Supplied records: Begin

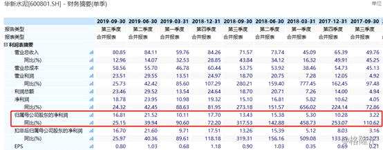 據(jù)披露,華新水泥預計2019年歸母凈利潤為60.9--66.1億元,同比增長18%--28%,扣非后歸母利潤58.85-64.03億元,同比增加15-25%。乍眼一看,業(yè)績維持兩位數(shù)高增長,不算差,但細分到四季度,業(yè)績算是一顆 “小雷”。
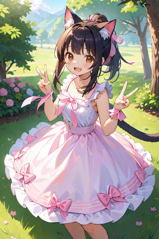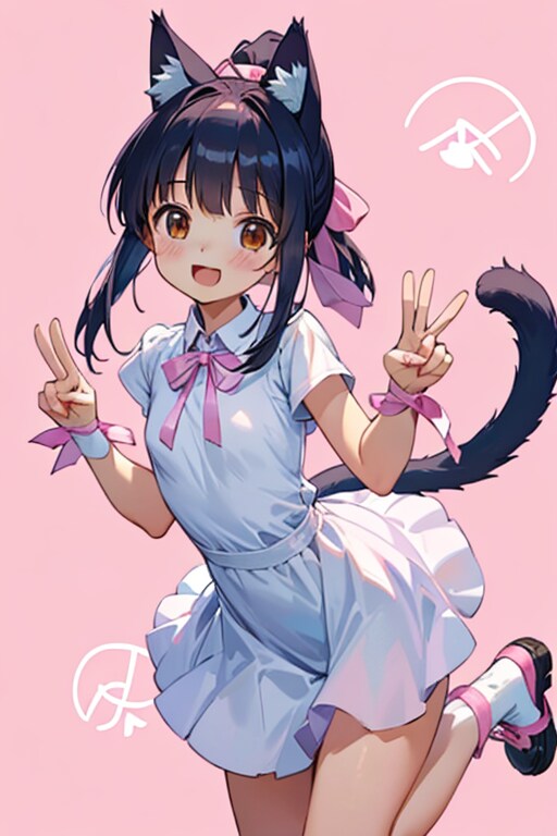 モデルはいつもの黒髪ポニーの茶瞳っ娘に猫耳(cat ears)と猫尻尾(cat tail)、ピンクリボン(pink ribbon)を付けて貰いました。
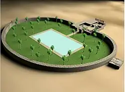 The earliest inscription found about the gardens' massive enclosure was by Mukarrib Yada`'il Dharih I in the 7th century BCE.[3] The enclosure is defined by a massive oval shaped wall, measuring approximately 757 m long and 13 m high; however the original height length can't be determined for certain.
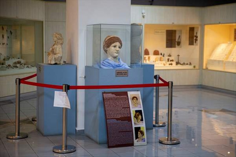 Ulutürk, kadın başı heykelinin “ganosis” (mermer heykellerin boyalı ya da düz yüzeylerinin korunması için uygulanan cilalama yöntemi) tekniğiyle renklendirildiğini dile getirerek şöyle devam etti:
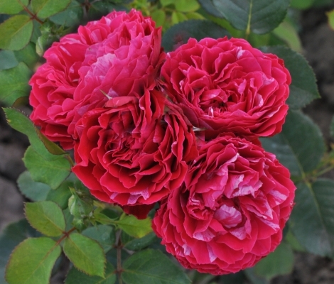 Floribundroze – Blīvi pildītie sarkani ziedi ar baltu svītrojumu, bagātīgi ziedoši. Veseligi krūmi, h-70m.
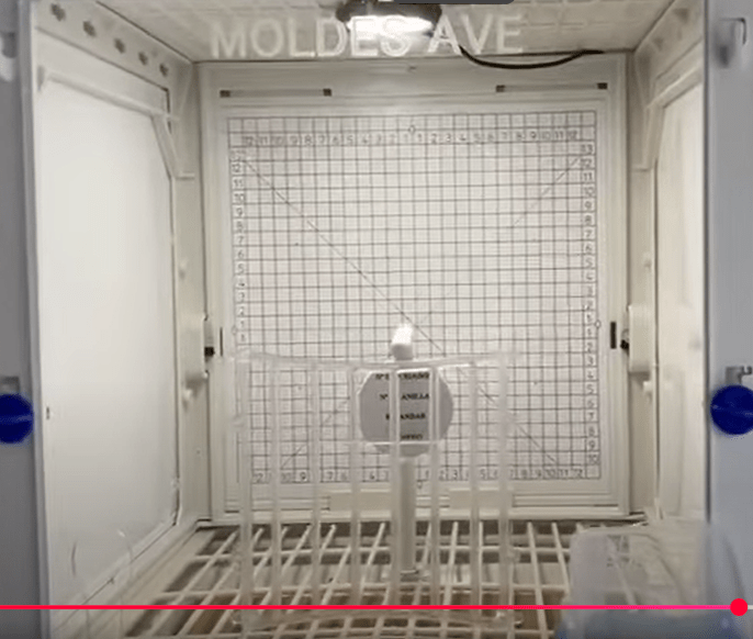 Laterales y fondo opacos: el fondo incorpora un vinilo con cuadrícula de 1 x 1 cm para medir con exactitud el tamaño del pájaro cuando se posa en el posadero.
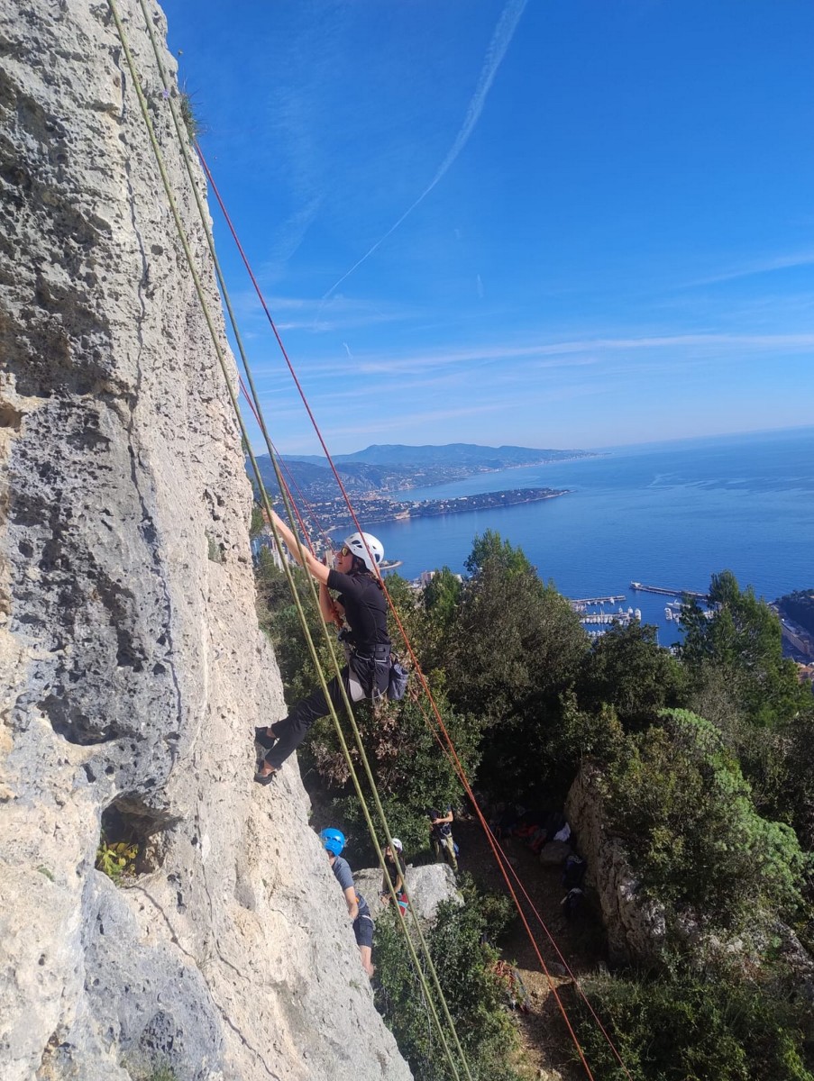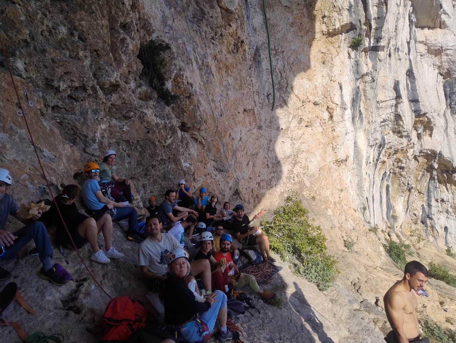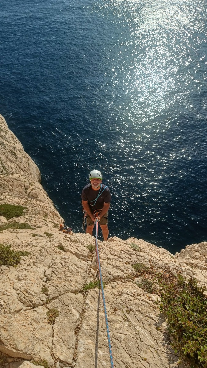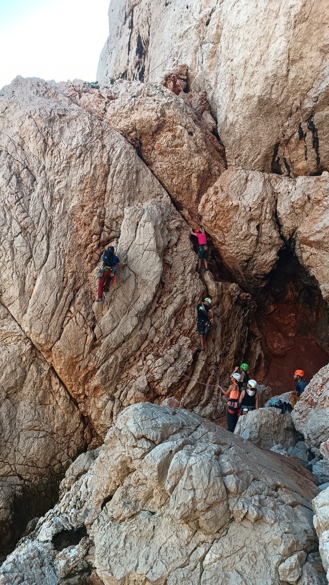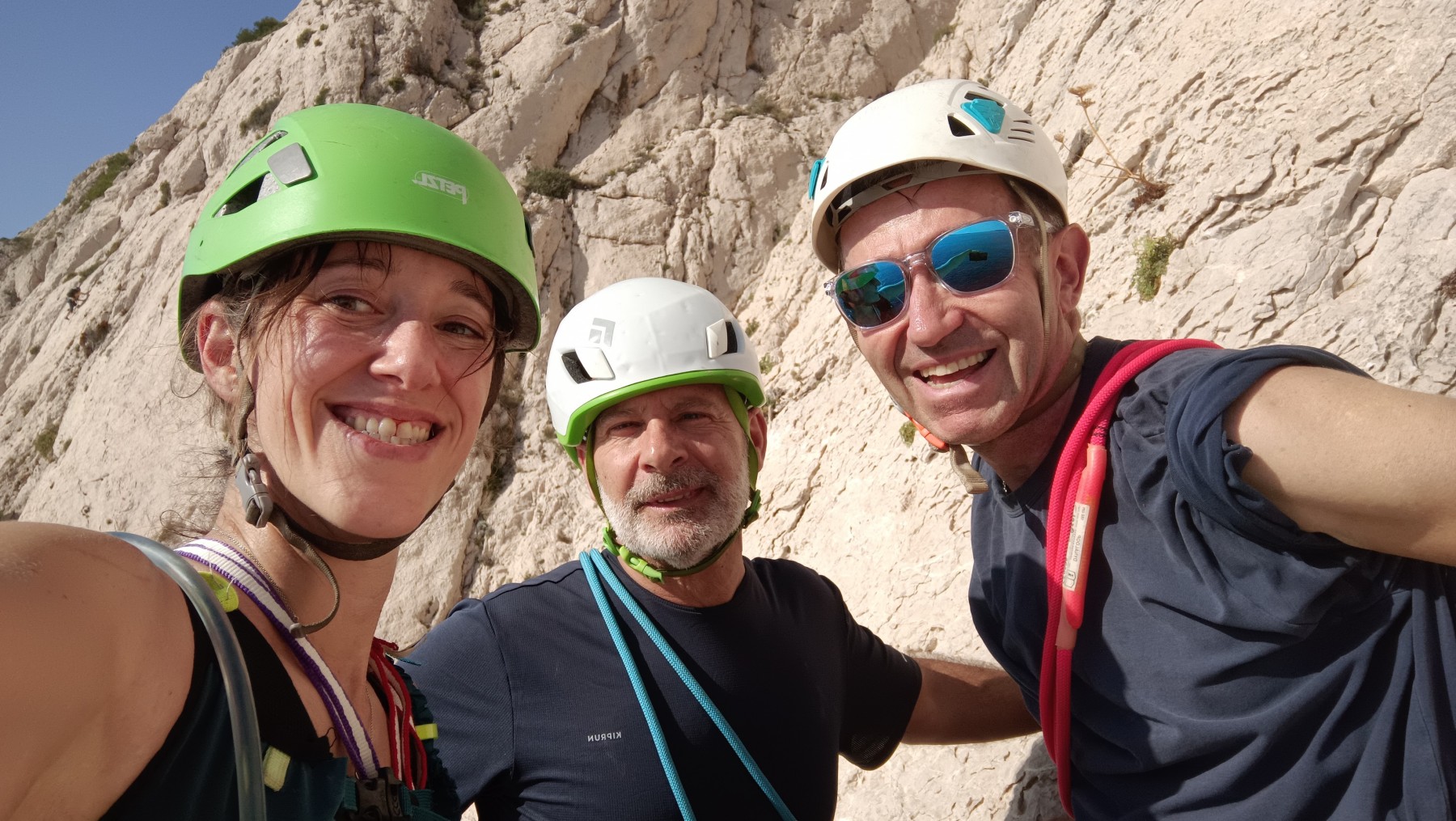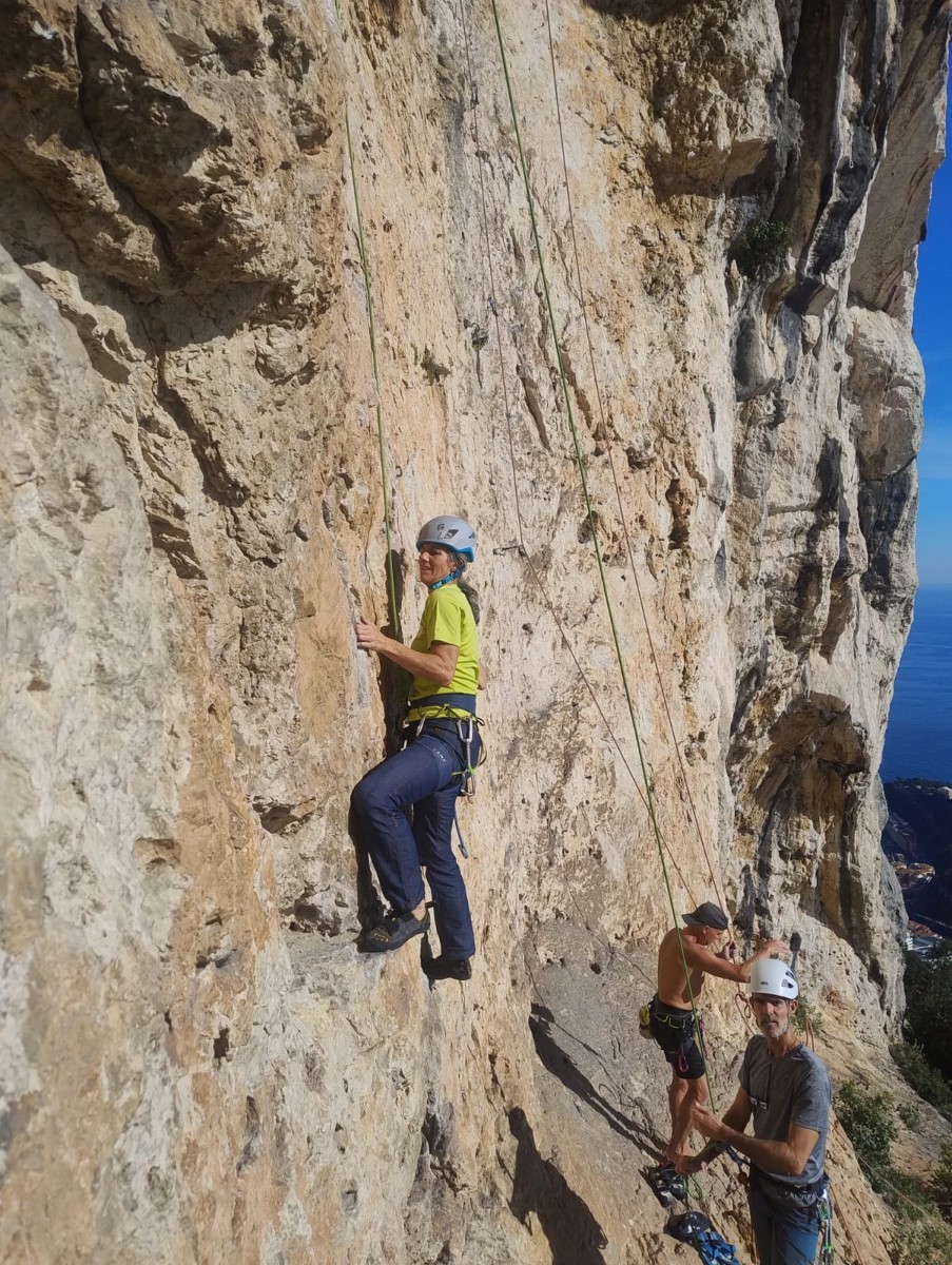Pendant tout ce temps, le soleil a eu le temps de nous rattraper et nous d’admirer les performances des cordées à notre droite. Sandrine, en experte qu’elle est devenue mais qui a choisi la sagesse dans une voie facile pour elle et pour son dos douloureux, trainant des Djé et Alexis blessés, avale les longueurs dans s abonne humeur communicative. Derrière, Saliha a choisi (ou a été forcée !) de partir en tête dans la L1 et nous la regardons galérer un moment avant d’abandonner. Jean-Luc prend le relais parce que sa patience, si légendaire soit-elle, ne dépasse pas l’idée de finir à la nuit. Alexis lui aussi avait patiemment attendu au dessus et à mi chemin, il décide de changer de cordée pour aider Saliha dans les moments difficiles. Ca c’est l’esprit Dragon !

Supplied records: End

— Problem —
Apart from the pictures, repeat the data above exactly.

— Response for this exercise —
 據(jù)披露,華新水泥預計2019年歸母凈利潤為60.9--66.1億元,同比增長18%--28%,扣非后歸母利潤58.85-64.03億元,同比增加15-25%。乍眼一看,業(yè)績維持兩位數(shù)高增長,不算差,但細分到四季度,業(yè)績算是一顆 “小雷”。
 モデルはいつもの黒髪ポニーの茶瞳っ娘に猫耳(cat ears)と猫尻尾(cat tail)、ピンクリボン(pink ribbon)を付けて貰いました。
 The earliest inscription found about the gardens' massive enclosure was by Mukarrib Yada`'il Dharih I in the 7th century BCE.[3] The enclosure is defined by a massive oval shaped wall, measuring approximately 757 m long and 13 m high; however the original height length can't be determined for certain.
 Ulutürk, kadın başı heykelinin “ganosis” (mermer heykellerin boyalı ya da düz yüzeylerinin korunması için uygulanan cilalama yöntemi) tekniğiyle renklendirildiğini dile getirerek şöyle devam etti:
 Floribundroze – Blīvi pildītie sarkani ziedi ar baltu svītrojumu, bagātīgi ziedoši. Veseligi krūmi, h-70m.
 Laterales y fondo opacos: el fondo incorpora un vinilo con cuadrícula de 1 x 1 cm para medir con exactitud el tamaño del pájaro cuando se posa en el posadero.
Pendant tout ce temps, le soleil a eu le temps de nous rattraper et nous d’admirer les performances des cordées à notre droite. Sandrine, en experte qu’elle est devenue mais qui a choisi la sagesse dans une voie facile pour elle et pour son dos douloureux, trainant des Djé et Alexis blessés, avale les longueurs dans s abonne humeur communicative. Derrière, Saliha a choisi (ou a été forcée !) de partir en tête dans la L1 et nous la regardons galérer un moment avant d’abandonner. Jean-Luc prend le relais parce que sa patience, si légendaire soit-elle, ne dépasse pas l’idée de finir à la nuit. Alexis lui aussi avait patiemment attendu au dessus et à mi chemin, il décide de changer de cordée pour aider Saliha dans les moments difficiles. Ca c’est l’esprit Dragon !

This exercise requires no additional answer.